## Task prompt:
Reproduction of part of the material below, pictures omitted: copy exactly, and only, the lines starting with the one with "Details: Puffy nylon" and going on through the one with "Make a bold".

## Supplied information:
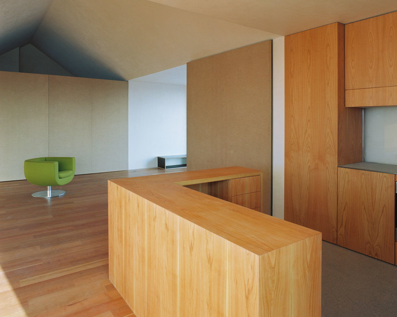 Der durchgehende Bodenbelag unterstützt den Eindruck des räumlichen Kontinuums, wobei durch die Falt- und Klappelemente auch intimere Bereiche geschaffen werden können.
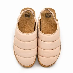 Details: Puffy nylon uppers, Adjustable/Expandable heel strap, Deep heel cupping, cork topsheet and a footbed that blends cushioning and rebound support
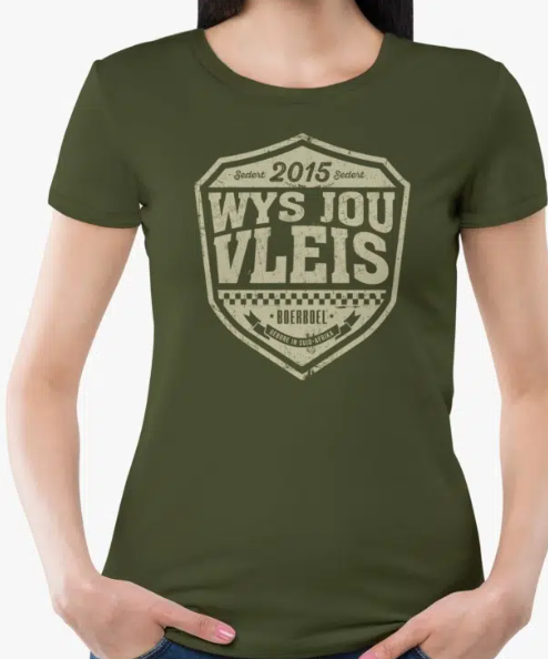 Make a bold statement with the Boerboel Ladies Premium Cotton T-Shirt in Printed Green “Wys jou vleis”. Crafted from premium cotton for ultimate comfort, this t-shirt features a vibrant green color that stands out. The playful “Wys jou vleis” print adds a touch of humor and cultural pride to your wardrobe, celebrating South African heritage in a modern context. Designed with a classic crew neckline and short sleeves, it offers a timeless silhouette that pairs effortlessly with jeans or shorts for casual outings. Whether you’re relaxing at home or exploring the outdoors, this t-shirt combines comfort, style, and a sense of cultural identity.
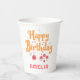Floral Flowers Happy Birthday Handlettering Paper Cups. Celebrate a special birthday with this charming personalized party cups! Featuring a hand-drawn floral design, cheerful "Happy Birthday" text in playful orange script, and a custom name. Ideal for daughters, nieces, granddaughters, or friends.

## Your response:
 Details: Puffy nylon uppers, Adjustable/Expandable heel strap, Deep heel cupping, cork topsheet and a footbed that blends cushioning and rebound support
 Make a bold statement with the Boerboel Ladies Premium Cotton T-Shirt in Printed Green “Wys jou vleis”. Crafted from premium cotton for ultimate comfort, this t-shirt features a vibrant green color that stands out. The playful “Wys jou vleis” print adds a touch of humor and cultural pride to your wardrobe, celebrating South African heritage in a modern context. Designed with a classic crew neckline and short sleeves, it offers a timeless silhouette that pairs effortlessly with jeans or shorts for casual outings. Whether you’re relaxing at home or exploring the outdoors, this t-shirt combines comfort, style, and a sense of cultural identity.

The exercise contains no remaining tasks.